The Milky Way as a test case

Since we still have so much to learn about galaxy formation, it makes sense to start with our own Milky Way galaxy as a test case. The Milky Way is “an extremely medium-sized galaxy,” Ricks said. Compared to the rest of the universe, “Half the stars live in larger galaxies, half the stars live in smaller galaxies.”

What makes the Milky Way useful is that we have unique access to it, providing the ability to see individual stars within it. This means that researchers can identify large groups of stars that appear to have formed together with similar ages and levels of heavier elements. Looking at each of these groups allows them to trace how the galaxy was assembled.

There are two main ways stars enter galaxies. In the first, large clouds of diffuse gas are present in an existing galaxy, and this gas condenses so that stars form within it. Alternatively, stars that form in a satellite galaxy can be dragged into the parent galaxy.

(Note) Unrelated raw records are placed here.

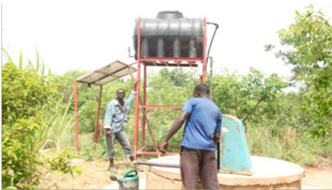
Plaque et pompe solaires installées sur le deuxième puits, Kassou, avril 2017

A Kassou, ce sont plus de 150 espèces de plantes médicinales qui continuent d'être entretenues par l'équipe. L'année 2017, particulièrement sèche, a nécessité un important travail d'arrosage.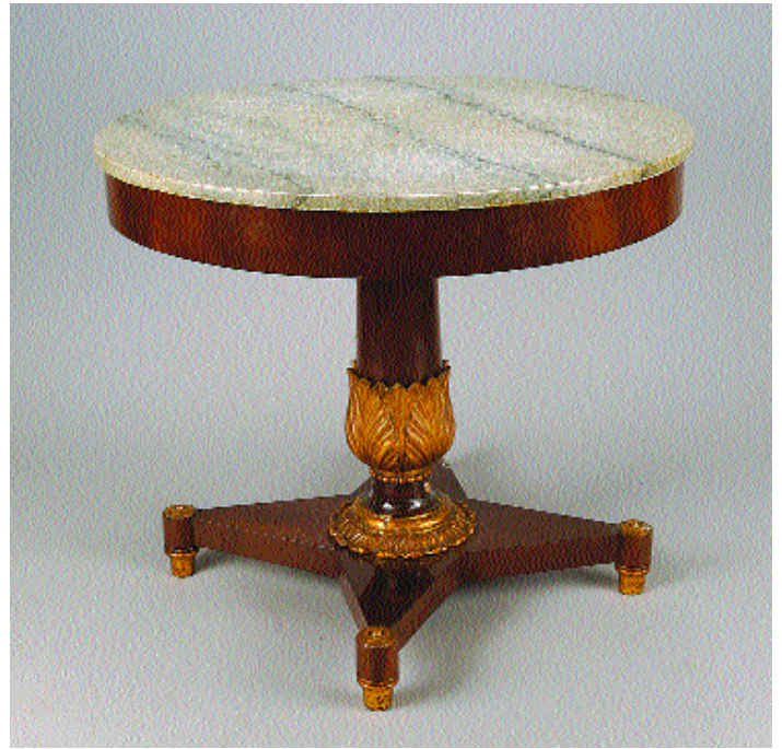
I356 MESA REDONDA EM MOGNO, pé central com entalhamentos dourados, tampo em mármore, portuguesa, séc. XIX, faltas e defeitos Dim. - 76 x 86 cm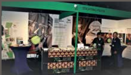
Tong Tong Fair.

En om nog wat langer in de sfeer van de evenementen te blijven, kijken we hier ook nog even terug op onze deelname aan de succesvolle 61ste Tong Tong Fair die van 23 mei tot en met 2 juni traditiegetrouw op het Malieveld in Den Haag plaatsvond. Ruim 80.000 mensen bezochten de fair deze keer en wat daarbij vooral opviel was het percentage jongeren dat de grootste Indische manifestatie dit jaar bezocht.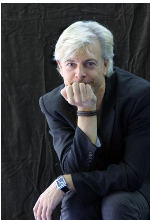
Director General y Coreógrafo

Presidente de la Federación Estatal de Asociaciones de Compañías y Empresas Profesionales de Danza FECED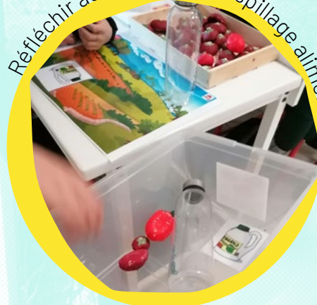
Réfléchir aux enjeux du gaspillage alimentaire

Today, we most often see star formation in clouds of gas, with about 90 percent of the stars we see today forming this way. But in the earlier stages of the universe, the option of accreting satellites was much more important, since most stars of this period are thought to have formed in clusters that were then dragged into the young Milky Way.

To understand the history of the Milky Way, astronomers must trace the origins of these clusters of stars and understand what drew them into the galaxy we know today. “One of the big goals is ‘can we reconstruct the early accretion events of these pieces coming together?'” Ricks said.

Using data from Gaia, the researchers were able to pick out groups of stars with similar orbits that were located toward the center of the galaxy. They are located about halfway between Earth and the galactic center and are in the form of a thick-walled torus orbiting the galactic center.

The researchers suspect that the two streams of stars they found are some of the last chunks of the Milky Way that were swallowed up during the accretion stage of satellites, after which star formation in the galaxy took over as the prime mover of stars. , joining the galaxy. “Shakti and Shiva appear to be perhaps the last hurrah of that early phase when mostly particles were collected,” Ricks said.